Items listed in a dataset:
*** Block opens ***

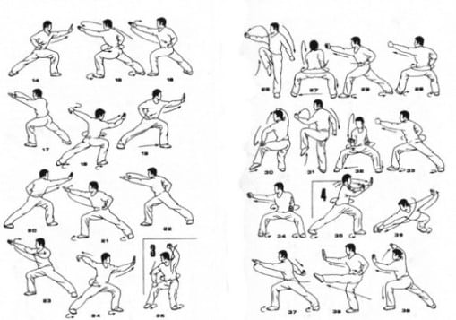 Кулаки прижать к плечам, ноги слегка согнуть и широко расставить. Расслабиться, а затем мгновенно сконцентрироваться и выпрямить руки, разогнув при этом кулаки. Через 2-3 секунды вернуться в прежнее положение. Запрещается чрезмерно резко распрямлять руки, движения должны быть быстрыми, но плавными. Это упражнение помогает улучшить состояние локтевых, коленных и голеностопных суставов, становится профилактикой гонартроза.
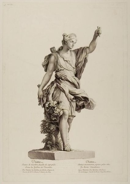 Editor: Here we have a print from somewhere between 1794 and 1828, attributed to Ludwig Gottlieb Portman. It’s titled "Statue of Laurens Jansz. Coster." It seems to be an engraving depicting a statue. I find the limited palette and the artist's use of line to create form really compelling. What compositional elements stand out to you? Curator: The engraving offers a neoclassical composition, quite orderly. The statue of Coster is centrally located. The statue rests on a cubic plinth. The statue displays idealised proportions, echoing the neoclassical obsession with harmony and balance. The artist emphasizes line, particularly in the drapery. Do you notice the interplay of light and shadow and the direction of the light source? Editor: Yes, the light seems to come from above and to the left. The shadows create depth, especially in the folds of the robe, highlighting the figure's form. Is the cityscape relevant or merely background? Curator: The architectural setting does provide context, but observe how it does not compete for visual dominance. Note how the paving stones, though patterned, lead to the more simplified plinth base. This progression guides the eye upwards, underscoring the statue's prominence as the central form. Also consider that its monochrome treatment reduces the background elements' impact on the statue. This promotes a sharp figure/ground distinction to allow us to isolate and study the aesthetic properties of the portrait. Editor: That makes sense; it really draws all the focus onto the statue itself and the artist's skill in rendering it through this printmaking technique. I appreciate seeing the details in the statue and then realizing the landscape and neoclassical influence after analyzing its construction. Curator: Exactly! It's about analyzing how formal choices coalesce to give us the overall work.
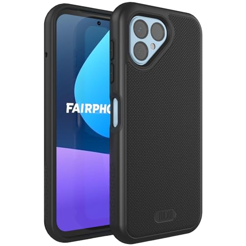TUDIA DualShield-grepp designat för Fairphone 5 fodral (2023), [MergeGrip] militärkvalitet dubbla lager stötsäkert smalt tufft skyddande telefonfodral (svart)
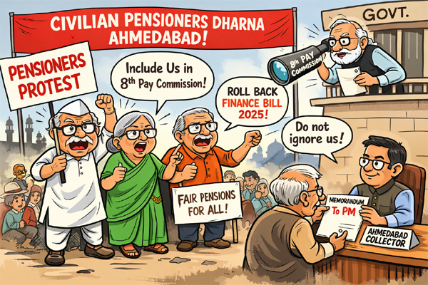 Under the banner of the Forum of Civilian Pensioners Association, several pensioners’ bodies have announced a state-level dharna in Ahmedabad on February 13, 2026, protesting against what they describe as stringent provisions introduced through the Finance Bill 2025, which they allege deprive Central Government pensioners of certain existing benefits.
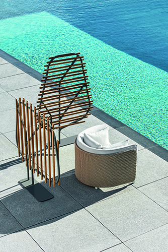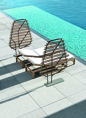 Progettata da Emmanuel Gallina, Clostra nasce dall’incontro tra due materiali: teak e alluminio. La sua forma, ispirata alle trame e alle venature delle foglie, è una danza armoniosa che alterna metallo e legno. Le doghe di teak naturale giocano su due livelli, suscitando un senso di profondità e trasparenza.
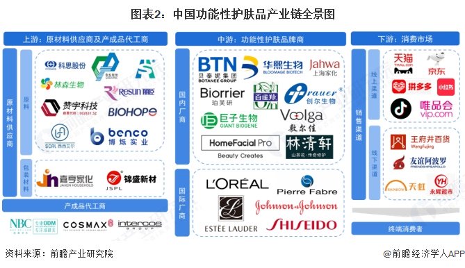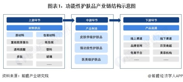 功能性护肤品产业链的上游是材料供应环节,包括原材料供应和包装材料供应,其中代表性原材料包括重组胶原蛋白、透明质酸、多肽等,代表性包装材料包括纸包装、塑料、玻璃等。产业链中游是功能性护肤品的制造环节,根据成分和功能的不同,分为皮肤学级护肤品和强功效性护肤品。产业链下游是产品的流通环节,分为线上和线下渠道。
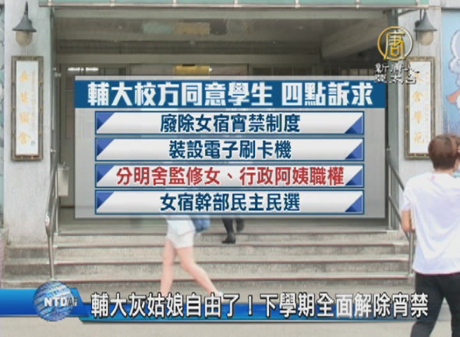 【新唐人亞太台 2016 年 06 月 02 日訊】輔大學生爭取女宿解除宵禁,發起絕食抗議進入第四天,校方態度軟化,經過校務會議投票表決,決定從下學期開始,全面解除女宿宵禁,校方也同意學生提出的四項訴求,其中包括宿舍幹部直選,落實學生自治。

*** Block closes ***

Problem description: Only the entries themselves should be output, word for word, with all pictures omitted.

Answer space:
 Кулаки прижать к плечам, ноги слегка согнуть и широко расставить. Расслабиться, а затем мгновенно сконцентрироваться и выпрямить руки, разогнув при этом кулаки. Через 2-3 секунды вернуться в прежнее положение. Запрещается чрезмерно резко распрямлять руки, движения должны быть быстрыми, но плавными. Это упражнение помогает улучшить состояние локтевых, коленных и голеностопных суставов, становится профилактикой гонартроза.
 Editor: Here we have a print from somewhere between 1794 and 1828, attributed to Ludwig Gottlieb Portman. It’s titled "Statue of Laurens Jansz. Coster." It seems to be an engraving depicting a statue. I find the limited palette and the artist's use of line to create form really compelling. What compositional elements stand out to you? Curator: The engraving offers a neoclassical composition, quite orderly. The statue of Coster is centrally located. The statue rests on a cubic plinth. The statue displays idealised proportions, echoing the neoclassical obsession with harmony and balance. The artist emphasizes line, particularly in the drapery. Do you notice the interplay of light and shadow and the direction of the light source? Editor: Yes, the light seems to come from above and to the left. The shadows create depth, especially in the folds of the robe, highlighting the figure's form. Is the cityscape relevant or merely background? Curator: The architectural setting does provide context, but observe how it does not compete for visual dominance. Note how the paving stones, though patterned, lead to the more simplified plinth base. This progression guides the eye upwards, underscoring the statue's prominence as the central form. Also consider that its monochrome treatment reduces the background elements' impact on the statue. This promotes a sharp figure/ground distinction to allow us to isolate and study the aesthetic properties of the portrait. Editor: That makes sense; it really draws all the focus onto the statue itself and the artist's skill in rendering it through this printmaking technique. I appreciate seeing the details in the statue and then realizing the landscape and neoclassical influence after analyzing its construction. Curator: Exactly! It's about analyzing how formal choices coalesce to give us the overall work.
TUDIA DualShield-grepp designat för Fairphone 5 fodral (2023), [MergeGrip] militärkvalitet dubbla lager stötsäkert smalt tufft skyddande telefonfodral (svart)
 Under the banner of the Forum of Civilian Pensioners Association, several pensioners’ bodies have announced a state-level dharna in Ahmedabad on February 13, 2026, protesting against what they describe as stringent provisions introduced through the Finance Bill 2025, which they allege deprive Central Government pensioners of certain existing benefits.
 Progettata da Emmanuel Gallina, Clostra nasce dall’incontro tra due materiali: teak e alluminio. La sua forma, ispirata alle trame e alle venature delle foglie, è una danza armoniosa che alterna metallo e legno. Le doghe di teak naturale giocano su due livelli, suscitando un senso di profondità e trasparenza.
 功能性护肤品产业链的上游是材料供应环节,包括原材料供应和包装材料供应,其中代表性原材料包括重组胶原蛋白、透明质酸、多肽等,代表性包装材料包括纸包装、塑料、玻璃等。产业链中游是功能性护肤品的制造环节,根据成分和功能的不同,分为皮肤学级护肤品和强功效性护肤品。产业链下游是产品的流通环节,分为线上和线下渠道。
 【新唐人亞太台 2016 年 06 月 02 日訊】輔大學生爭取女宿解除宵禁,發起絕食抗議進入第四天,校方態度軟化,經過校務會議投票表決,決定從下學期開始,全面解除女宿宵禁,校方也同意學生提出的四項訴求,其中包括宿舍幹部直選,落實學生自治。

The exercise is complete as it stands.